Various Critters (some of which are dead)
The first three creatures here are sort of second hand, we didn't see the Galapagos owl, or the Rice Rat, but here's a owl pellet that was once a Rice Rat. I'm sure you will agree it's almost as good as the real thing.
For their long journeys from the South American mainland out to Galapagos, the ancestors of the Galapagos rats hold the world record for ocean crossings by land mammals.
Although the number of extinct species seems to be debatable, at least three of the seven species of rice rats endemic to the Galapagos Islands are classified extinct.  The four (ish) remaining species are N. narboroughii and N. fernandinae on Fernandina Island, N. swarthi (this one) on Santiago Island, and Oryzomys bauri on Santa Fe.
I think I found this one on Santiago Island, so I can tell you who the victim was, but since there are short-eared and barn owls there, I can't tell you who the killer was. So the file remains open.

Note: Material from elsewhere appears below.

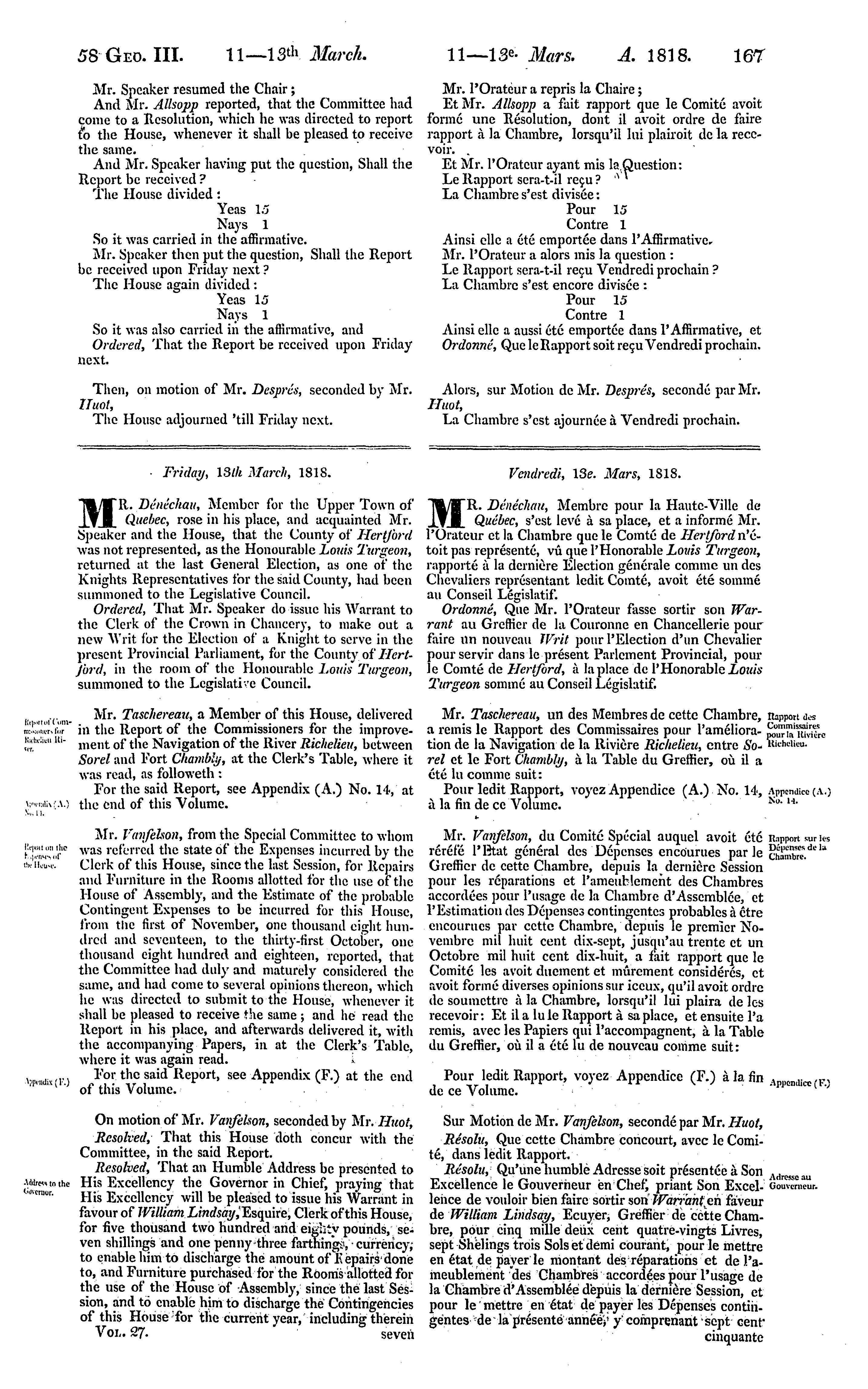 Journaux de la Chambre d'assemblée du Bas-Canada, depuis le 7e janvier, jusqu'au 1er avril, 1818, dans la cinquante-huitième année du règne de sa Majesté George Trois, étant la seconde session du neuvième Parlement provincial de cette province, sess. 1818 - Adresse bibliographique

The next corpse is that of a starfish, although they aren't fish, and are related to Sea Urchins. As far as I know have only been found on one planet, and this one was, I think, was a suicide.  Apparently the evolution of the creature, more correctly known as a sea star, involved the development of a brain, which it then devolved, perhaps because of depression.
Kingdom Animalia
Phylum Echinodermata (echinoderms),
Class Asteroidea



This corpse  should have been human, or ex-human and, also, effectively suicide.
However, Fausto avoided that fate because the Galapagos snake is not poisonous. 

Well he looked ok when we saw him last.

I think the snake was more worried about the Galapagos Hawk than the humans, and metaphorically legged it, on release, to the underside of a shady rock. 








This next sorry collection of bodies belongs to the Urchin family classified as echinoids (class Echinoidea) and related to the Sea Stars.
They have been collected here to show swimmers what not to put their hands or feet on. The green ones are endemic to the Galapagos













This is a small Ray, perfectly healthy I think, and just happened to be checking out the shore where we were standing. There were quite a few of them, so presumably they were there for food, sex or warmth. I didn't get that involved as to find out.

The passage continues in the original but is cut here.